Option "metamodes" "GPU-a493fbbb-7d76-86a2-8764-d76d487a75a7.DVI-I-1: nvidia-auto-select +0+0, GPU-c02960a4-be28-d5ce-8b02-be04b5e2550b.DVI-I-1: nvidia-auto-select +1680+0"
Option "BaseMosaic" "on"
EndSection
In this example we have 2 video cards with one monitor each, so we enabled SLI, Base Mosaic to have multi monitor support on SLI and make a layout with the second GPU monitor on the right of the first one. Also, we fix the DPI to 96×96, which is the hardcoded default in Gnome and in Open Source drivers.
Configuration for CUDA only systems
Your system might only be used for CUDA development and not require the X server to be running the DDX driver at all, so you might want to tweak the configuration a bit to make the system load (for example) the Intel driver as the main display and just the Nvidia driver for GPU workloads. In this case you have two options.
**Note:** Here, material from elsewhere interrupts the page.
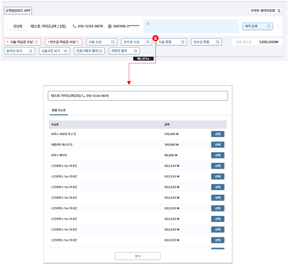 버튼 클릭 시, 시술 환불 팝업창이 호출됩니다.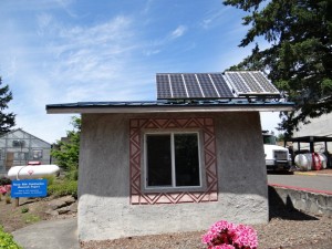 Two systems of photovoltaic panels were added to the Straw Bale House for automated data collection of wall moisture readings and lighting.

Option with only CUDA components installed
To install just the CUDA components of the driver and not the OpenGL libraries and all files required by the DDX part of the driver, proceed to install as follows:
# yum install nvidia-driver-cuda Last metadata expiration check: 0:22:51 ago on Tue 05 Feb 2019 06:52:50 AM CET. Dependencies resolved. ================================================================================ Package Arch Version Repository Size ================================================================================ Installing: nvidia-driver-cuda x86_64 3:415.27-4.fc29 fedora-multimedia 308 k Installing dependencies: akmod-nvidia x86_64 3:415.27-1.fc29 fedora-multimedia 10 M nvidia-driver-NVML x86_64 3:415.27-4.fc29 fedora-multimedia 457 k nvidia-driver-cuda-libs x86_64 3:415.27-4.fc29 fedora-multimedia 25 M nvidia-kmod-common noarch 3:415.27-1.fc29 fedora-multimedia 10 k nvidia-persistenced x86_64 3:415.27-2.fc29 fedora-multimedia 40 k akmods noarch 0.5.6-17.fc29 updates 22 k kernel-devel x86_64 4.20.6-200.fc29 updates 13 M Transaction Summary ================================================================================ Install 8 Packages Total download size: 49 M Installed size: 168 M Is this ok [y/N]:
As you can see, there are no components providing OpenGL or DDX drivers installed on the system. This will not use any X (or Wayland) configuration compared to what has been installed by default on your system.
On top of this, you can still select what kind of kernel modules you want ot have installed (kABI, akmods and dkms).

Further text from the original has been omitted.